No documento Anabela Maria de Oliveira Fernandes Vol.I (páginas 30-34)

CAPÍTULO II – ENQUADRAMENTO TEÓRICO DE PARTIDA

2.4 A CONSTRUÇÃO DE SENTIDOS NA PROFISSÃO E IDENTIDADE NO TRABALHO

O trabalho, a actividade profissional a que cada um dedica uma parte considerável do seu tempo, a profissão, é um elemento central na definição do eu individual e social que identifica uma pessoa. (Costa e Silva, 2005).

As várias correntes filosóficas dos últimos 100 anos, associaram o conceito de profissão a questões teóricas diversas, nomeadamente, por parte de diferentes correntes da sociologia, mais concretamente, da sociologia das profissões, e designadas, habitualmente, de teorias funcionalistas (anos 30, 40 e 50), interaccionistas (anos 50 e 60) e, mais recentemente, as teorias neoweberianas e neomarxistas (anos 70).

Segundo Dubar (1997), pode-se identificar a existência de princípios éticos e deontológicos para a regulação da actividade profissional; de saber científico, garantia da

competência e da especialização de um grupo profissional, constituindo barreira de entrada indiscriminada de indivíduos para essa profissão. (Costa e Silva, 2005).

Os defensores das teorias interaccionistas distinguem-se dos funcionalistas pela valorização das interacções dinâmicas que caracterizam as profissões, considerando a biografia e a interacção como elementos importantes na análise das dinâmicas profissionais (Costa e Silva, 2005, citando Hughes, 1996), as actividades de e no trabalho “como processos subjectivamente significativos e como relações dinâmicas com os outros” (Dubar e Tripier, 1998).

Nesta investigação privilegiamos a pesquisa e a compreensão de como o sujeito se forma na acção, se é ou não sujeito da sua própria formação e se “forma” no contexto do colectivo de trabalho.

2.4.1 Contextos e formação entre pares (ou formar-se na acção)

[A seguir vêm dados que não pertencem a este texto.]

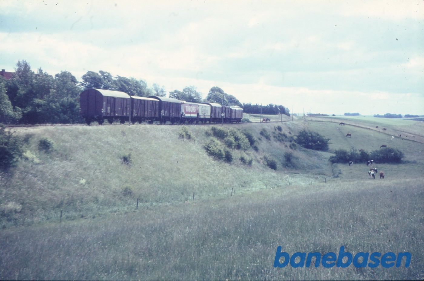 Motiv:Diesellokomotiv DL 42 med godstog på fri strækning
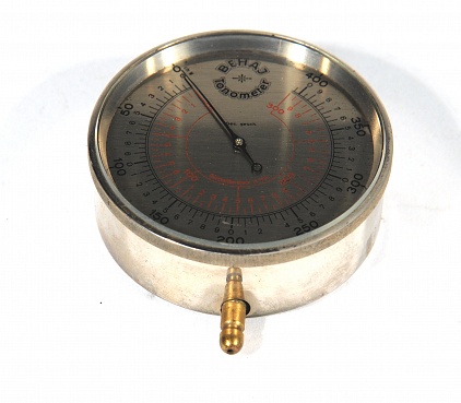 Description: 2.5“x1 anaeroid calibrated in mm Hg and cm H2O. Type described by Von Recklinghausen. Contained in a leather pouch 7” long with a cloth cuff 4.5” and a hardened rubber pump.
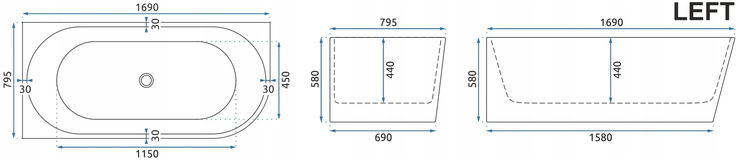 Wanna SYDNEY 170 lewa przyścienna narożna Rea
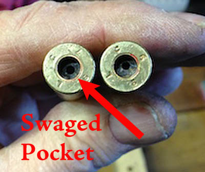 There are two basic methods of dealing with pocket crimps, reaming and swaging. Reaming involves removing material by cutting it away, and swaging uses force to stretch the brass and flow the crimp material back into the case head. Reaming can be done sitting in front of the TV with a towel or rag on your lap to catch the shavings. Swaging on the other hand needs to be done at your reloading bench, unless of course your significant other doesn’t mind a reloading press mounted into the coffee table. Again the reason for performing either of these operations is the insertion of a new primer which is rendered difficult if not impossible in the presence of said crimp
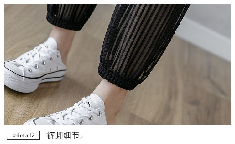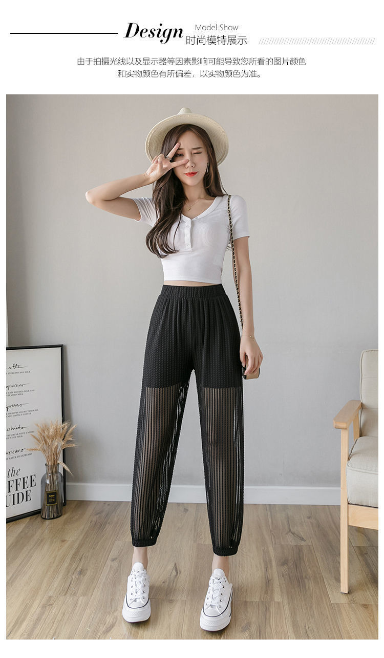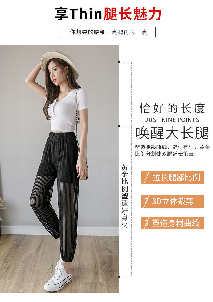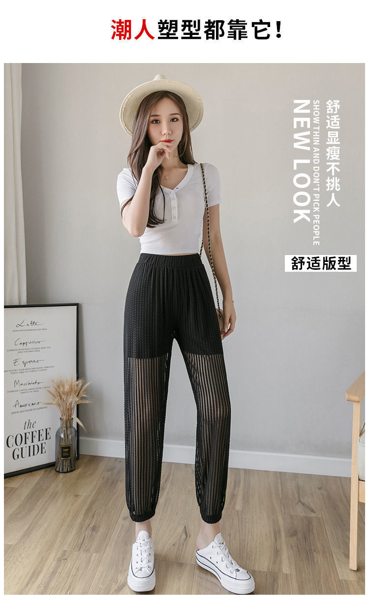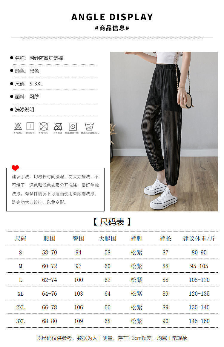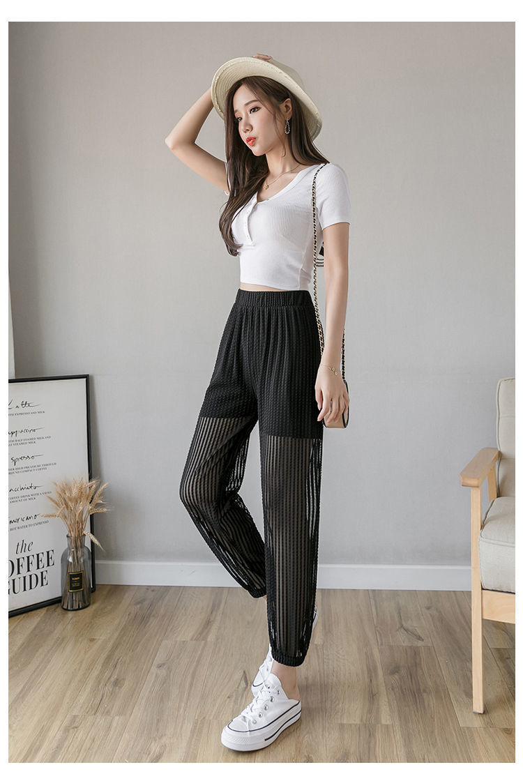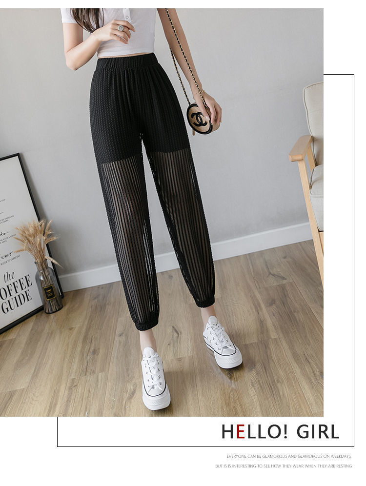 아이스 실크 랜턴 바지 여성용 루즈 쉬폰 2025 여름 안티 모기 바지 얇은 메쉬 자른 할렌 바지스토어 가기

O contexto de trabalho é determinante para os processos de formação, o adulto forma-se, enquanto sujeito da sua própria formação, em contexto (Oliveira, F., 1997),

“…integrando diferentes vivências experienciais, apropriando-se das influências externas que sobre si são exercidas, reflectindo o seu próprio percurso experiencial” (Canário, 1995)

Ao analisarmos as questões educativas, verificamos que os processos de repetição e transmissão de informações que não privilegiam a experiência prévia dos sujeitos no processo de aprendizagem, questionamento e pesquisa, colocam-se numa relação estreita de proximidade com os processos tayloristas. É necessário então passar de uma “cultura de soluções” típica do modelo de racionalidade inerente à forma escolar, a uma “cultura de problemas”, ou dito de outra forma, privilegiar as perguntas por contraposição às respostas, como propõe Crozier (1995) numa dimensão investigativa.

Se reportarmos para esta investigação o modelo que decorre da forma escolar é o processo de transmissão, diria mesmo que unidireccional, que decorre entre uma relação que se estabelece entre o professor e o aluno (turma), em que as experiências e os saberes do sujeito não são valorizadas e em que o sujeito é desprovido do seu contexto social, e onde apenas o professor/formador é detentor do saber/poder.

Nesta relação entre o saber e o poder tende-se associar o conhecimento com poder. A emergência de diferentes formas e fontes de conhecimento tendem a valorizar formas de participação, em contextos educativos, estas tendem a encontrar novas relações de poder. Como refere Amiguinho, A. (2008) “A relação com o saber é uma relação de poder, se os saberes se equivalem, as relações de poder tendem a desaparecer”.

Estabelecendo um campo de comparação entre o campo educativo não formal e o contexto de trabalho desta investigação pretende-se verificar se existe um campo de trabalho educativo, e não escolar, de espaço para a aprendizagem baseada na experiência do sujeito, valorizando o processo reciprocamente (sujeitos e contextos sociais, culturais, históricos, …), onde a educação não consiste em treinar as pessoas/sujeitos a dar respostas certas mas sim ajudar a formar “solucionadores de problemas”. Tempo de participação e qualificação, de exercício de cidadania.

Paradoxalmente, e infelizmente, continuamos a assistir no domínio da formação de adultos, em contextos de interacção ou não, que a estratégia de formação é concebida à luz do modelo escolar, o mesmo utilizado como modelo dominante na educação das crianças, jovens e adolescentes. Um processo centrado nas fases do ciclo formativo, desde o levantamento das necessidades, planeamento, concepção de programas e instrumentos, organização das actividades, desenvolvimento, acompanhamento e avaliação das actividades formativas.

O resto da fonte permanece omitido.